Also kubernetes is probably your friend here too

# ? Jul 27, 2022 17:33

Hadlock: Nov 9, 2004

Zapf Dingbat posted:

You know, this actually got me thinking about this company's whole setup. Like I said, this is my first cloud toucher job.

. The container can talk to a DB that's hosted elsewhere in AWS, and the VMs can't talk to each other unless explicitly allowed by network routes and security groups.

It's always one container per instance. I'm not sure if there's a better way to do this because of the need for separation.

What would this thread do differently, if anything?

If it were me, I'd move this to kubernetes

Each container on a VM represents, effectively, a service for the company, right

I would setup each service as a kubernetes Deployment. Once you get the cluster up you should be able to create babbys first deployment via your favorite online tutorial. Converting your container to a k8s deployment should be pretty straightforward. Put Deployment of service Foo in it's own Namespace, maybe call it "Foo". You can specify the Namespace in the Deployment yaml file

Then convert the other service containers to their own Deployments in their own Namespaces

Once you're done with that, build a helm chart (kubernetes Deployment templating system)for each service, redeploy the services using helm.

Then, pick argocd or flux2 to update your Helm releases

voila, your skill set just doubled in value, and you have full modern CD

oh yeah see if you can squeeze in spinning up k8s clusters in terraform, but not strictly required for this exercise

Edit: the reason you're putting the different deployments in different Namespaces is that it fully separates the containers so they share no resources they can access, this is the same as putting a container on a separate VM

This also eliminates the need to run and manage VMs, manage SSH/SSM etc, and lines you up to scale up in the future (just change deployment replicas from 1 to 99 or whatever you need)

For monitoring and alerting, you can deploy Prometheus and Grafana which are gold standard helm charts to practice with and learn about helm

Double edit: for web facing stuff you'll need to go through babbys first ingress controller using static DNS. Once you get access to R53 you can setup let's encrypt to handle dynamic ssl certificates. I recommend just going with wildcard SSL certs out of the box ([url]https://*.example.com[/url] instead of fooservice.example.com) slightly harder but you'll never hit the service rate limit for certs that way in five years

Hadlock fucked around with this message at 18:48 on Jul 27, 2022

# ? Jul 27, 2022 18:37

madmatt112: Jul 11, 2016; Is that a cat in your pants, or are you just a lonely excuse for an adult?

Hadlock posted:

If it were me, I'd move this to kubernetes

Each container on a VM represents, effectively, a service for the company, right

I would setup each service as a kubernetes Deployment. Once you get the cluster up you should be able to create babbys first deployment via your favorite online tutorial. Converting your container to a k8s deployment should be pretty straightforward. Put Deployment of service Foo in it's own Namespace, maybe call it "Foo". You can specify the Namespace in the Deployment yaml file

Then convert the other service containers to their own Deployments in their own Namespaces

Once you're done with that, build a helm chart (kubernetes Deployment templating system)for each service, redeploy the services using helm.

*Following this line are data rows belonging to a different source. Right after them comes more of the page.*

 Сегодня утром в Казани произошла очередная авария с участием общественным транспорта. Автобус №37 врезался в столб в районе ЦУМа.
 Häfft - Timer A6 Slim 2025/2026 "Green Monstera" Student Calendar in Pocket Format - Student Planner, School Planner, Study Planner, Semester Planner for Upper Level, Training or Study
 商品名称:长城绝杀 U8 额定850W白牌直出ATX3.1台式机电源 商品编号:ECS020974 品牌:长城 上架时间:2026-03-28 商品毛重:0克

Then, pick argocd or flux2 to update your Helm releases

voila, your skill set just doubled in value, and you have full modern CD

oh yeah see if you can squeeze in spinning up k8s clusters in terraform, but not strictly required for this exercise

Edit: the reason you're putting the different deployments in different Namespaces is that it fully separates the containers so they share no resources they can access, this is the same as putting a container on a separate VM

This also eliminates the need to run and manage VMs, manage SSH/SSM etc, and lines you up to scale up in the future (just change deployment replicas from 1 to 99 or whatever you need)

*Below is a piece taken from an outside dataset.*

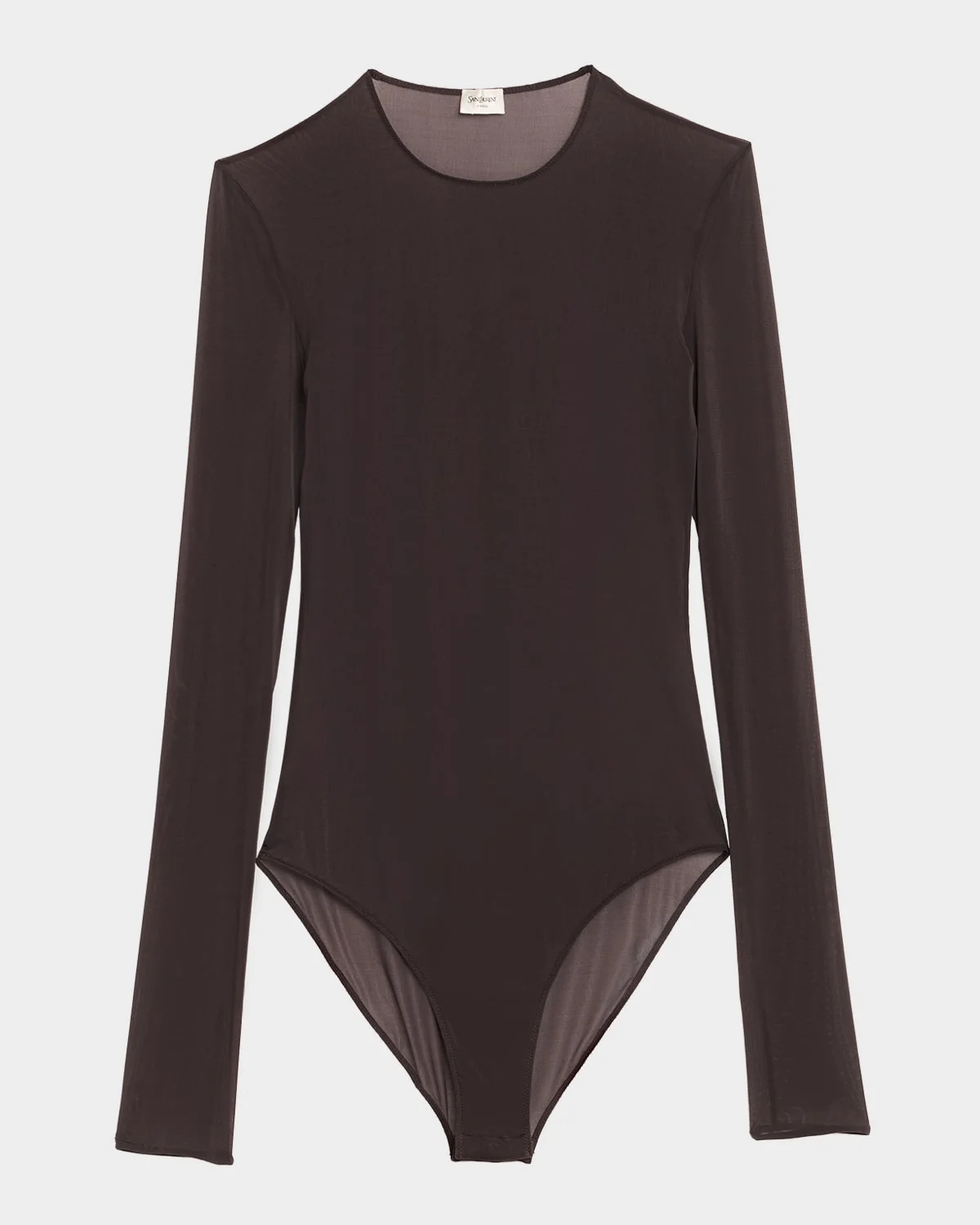 - Saint Laurent bodysuit in sheer knit - Crew neckline - Long sleeves - Fitted - Snap gusset - Cupro/elastane - Made in Italy

For monitoring and alerting, you can deploy Prometheus and Grafana which are gold standard helm charts to practice with and learn about helm

Alternatively, instead of doing namespaces for hardware segregation, just use taints+tolerations and anti affinities.

# ? Jul 27, 2022 18:47

Hadlock: Nov 9, 2004

The containers still live on the same CNI right? Physical separation of the containers on different hosts doesn't matter, last I checked. The ability for two pods in the same namespace to talk to each other on the same cluster regardless of where/which node they live on via kubernetes networking is a big part of the Kubernetes Magic™

Edit: namespacing also allows you in the future to prevent the finance team from messing with the order management teams' stuff and vice versa by limiting what Namespaces they're allowed to read/write

You might be able to do permissions via the same tags the node affinity is setup for but that would be super ugly and brittle

Hadlock fucked around with this message at 18:53 on Jul 27, 2022

# ? Jul 27, 2022 18:51

minato: Jun 7, 2004; cutty cain't hang, say 7-up.; Taco Defender

I strongly suspect that if your admin team hasn't figured out how to properly use Ansible amongst themselves, they're not ready to use Kubernetes. I feel that Kubernetes is a game changer but it requires a competent DevOps team to run it, and if you don't have that then you're just setting yourself up for more pain.

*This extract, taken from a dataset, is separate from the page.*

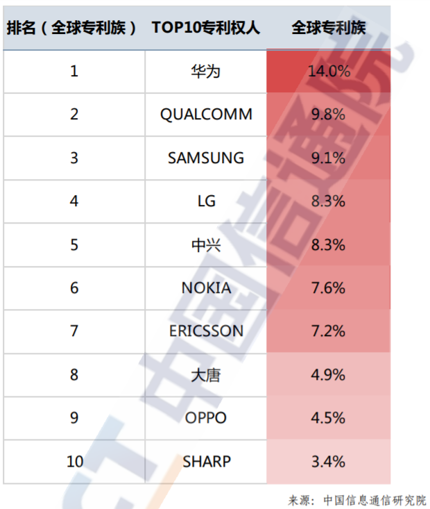 除華為位居榜首外,高通排在第二位,其占比為 9.8%;三星排在第三位,占比為 9.1%;排名第四至第十位的企業(yè)依次是 LG(8.3%)、中興(8.3%)、諾基亞(7.6%)、愛(ài)立信(7.2%)、大唐(4.9%)、OPPO(4.5%) 和夏普(3.4%)。

As someone upthread stated, your situation is a classic DevOps problem and you need to get your infra into code. Nobody should be doing anything manually; I'm guessing that if your boss is nervous about handing permissions to individuals, it's precisely because they've been bitten in the past by people cowboying it and making manual adjustments. The whole point of getting infra into code is that you have a source-of-truth that's outside of your cloud, and it has a well-defined and audited change process.
- The fact that only the Ops Bot has permissions to make changes gives your boss peace of mind that no-one is going to Leeroy Jenkins it and tweak stuff manually in production.
- The fact that changes go through Git (and thus should have a change log and ideally a review process) gives you the confidence that changes aren't being made unilaterally, and also gives you the ability to roll back changes if things go sideways.
- The fact that they're defined as code means you can parameterize them, so it's easy to (say) spin up testing/staging environments with different parameters, giving you even more confidence that your production changes will be successful.

In your situation I would start with what you have, which is Ansible + Terraform:
- Your whole team should be using Ansible, not just one person
- All the Ansible playbooks & Terraform modules need to be under version control (i.e. Git) ASAP, and you need to implement a process for making changes to those.
- All your credentials and other secrets need to be in a vault, either Ansible Vault or Hashicorp Vault.

Slightly more advanced: if you don't want people running Ansible/Terraform from their laptops (and they really shouldn't be), then look into a product like Ansible Tower. The whole point of that is to provide a hosted GUI/API where a DevOps team can run their playbooks.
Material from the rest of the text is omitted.